皆様、ご機嫌よう。人気ゲームライターのどす恋まん花です。
本日取り上げるのは、SNSの広告で見ない日はないほど話題のアプリ『確認させてください』。このゲーム、皆さんはもうタップしましたか? まん花はと言えば、このアパート経営に人生の約12分の1、およそ2000時間という途方もない時間を溶かしてしまいました。もはやスマホの画面が網膜に焼き付き、寝ても覚めても入居希望者の身分証を脳内でスワイプしてチェックするレベルの「廃人大家」と化しております。
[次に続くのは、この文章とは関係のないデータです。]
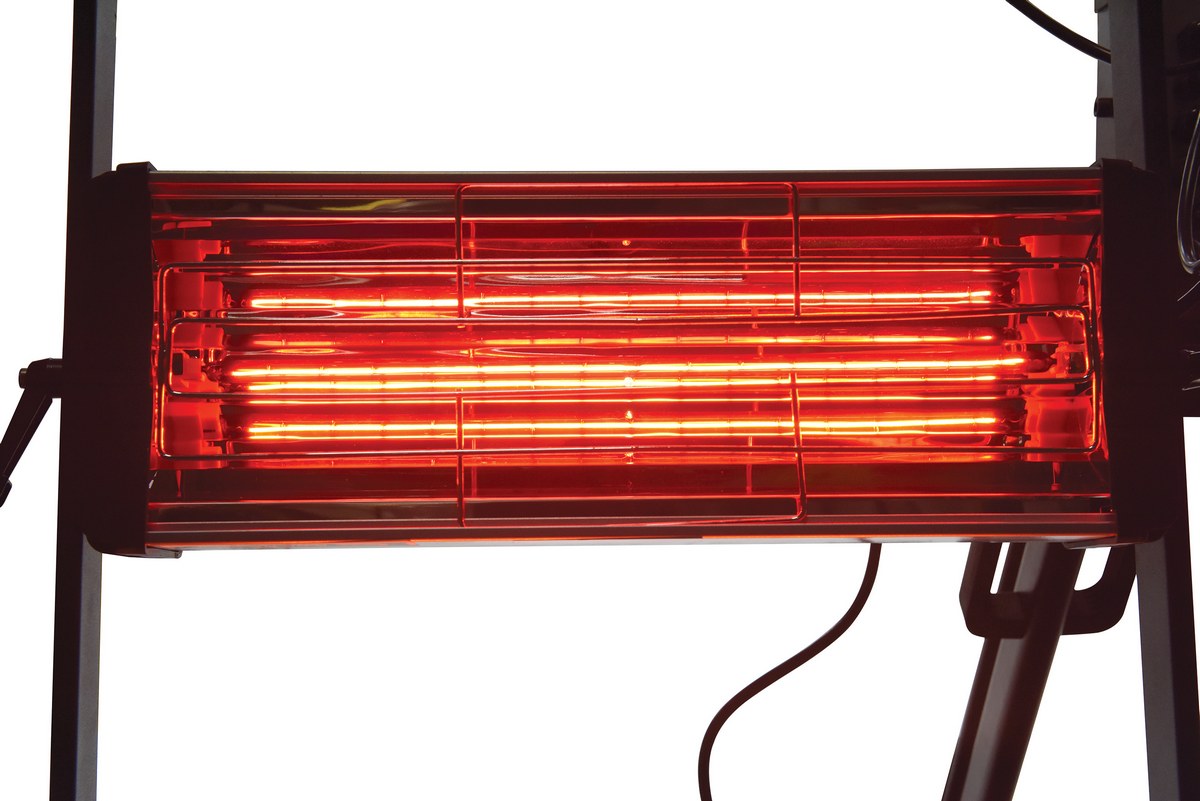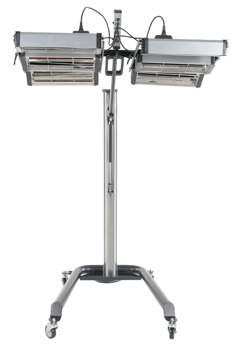 An infrared heater provides beneficial warmth to a variety of industrial areas. A simple to use control panel allows the function and heat settings to be utilized in the best possible way for maximum efficiency. An adjustable heater arm gives the user the ability to maneuver the heating elements into a position that best fits the type of surface that is being heated. Unit includes casters to easily maneuver the unit to and around the work area. A robust structural construction endures work place conditions that are continually changing.

正直なところ、私のスマホの画面は、もはや大家としての執務室そのもの。親の顔よりも入居希望者の怪しい顔ぶれを眺めてきましたし、あまりの連打に私の親指の指紋は摩耗し、ツルツルの鏡面仕上げになってしまったほどです。そこまでやり込んだからこそ見える、このゲームの「光と影」。データが示す残酷な現実と、それでも指が止まらない魔力について、一人のガチゲーマーとして、そして一人の大家として、核心を突くレビューをお届けしましょう。
作品概要

本作は、アパートの「大家」となって入居希望者の正体を見抜き、理想の物件を経営するシミュレーションゲームです。
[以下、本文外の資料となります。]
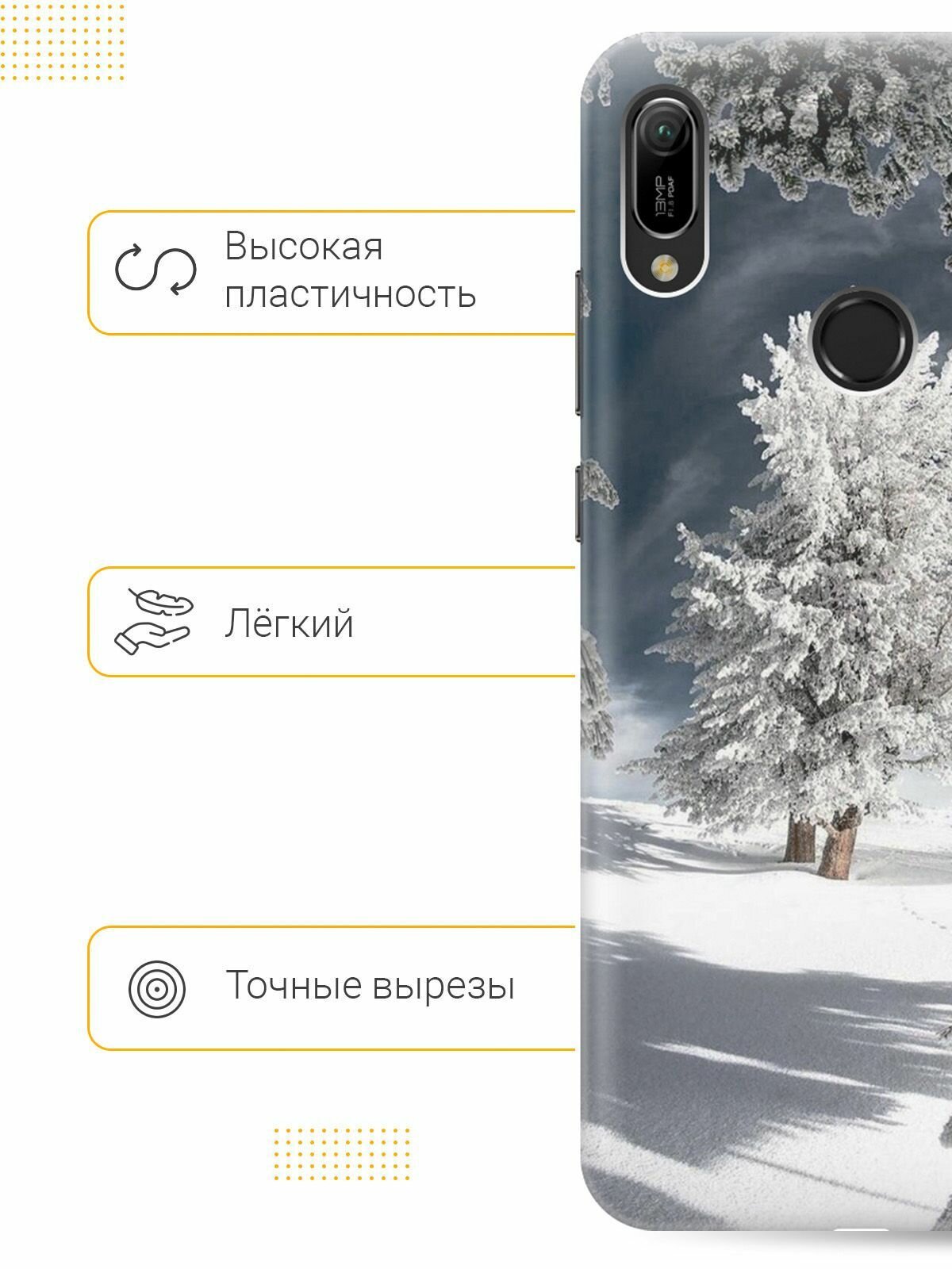 СохранитьСиликоновый чехол на Huawei Y6 (2019) / Y6 Prime (2019) / Honor 8A / 8A Pro / Хонор 8а / Хонор 8а Про / Хуавей У6 2019 / Хуавей У6 Прайм 2019 с принтом "Заснеженные деревья" интересное:

プレイヤーの主な任務は、訪れる入居希望者の身辺を調査し、住人として相応しいか判断することです。会話の中で提示されるチェック項目の回答内容をもとに、「はい」が多ければ善人、「いいえ」が多ければ悪人やモンスターの可能性があると推測します。
入居させた住人が善人であればアパートのレビューが上がり、家賃収入も増加しますが、判断を誤り危険な人物を住まわせるとアパートでトラブルが発生してしまいます。慎重な見極めが経営の鍵を握る、推理と経営シミュレーションの要素が融合したゲームです。
さらに、ときには正体を現したモンスターがアパートへ侵入してくることもあります。その際は銃を使って直接撃退するアクション要素も発生します。銃はショップで強化や弾丸の補充が可能で、自分の身とアパートを守る重要な装備となります。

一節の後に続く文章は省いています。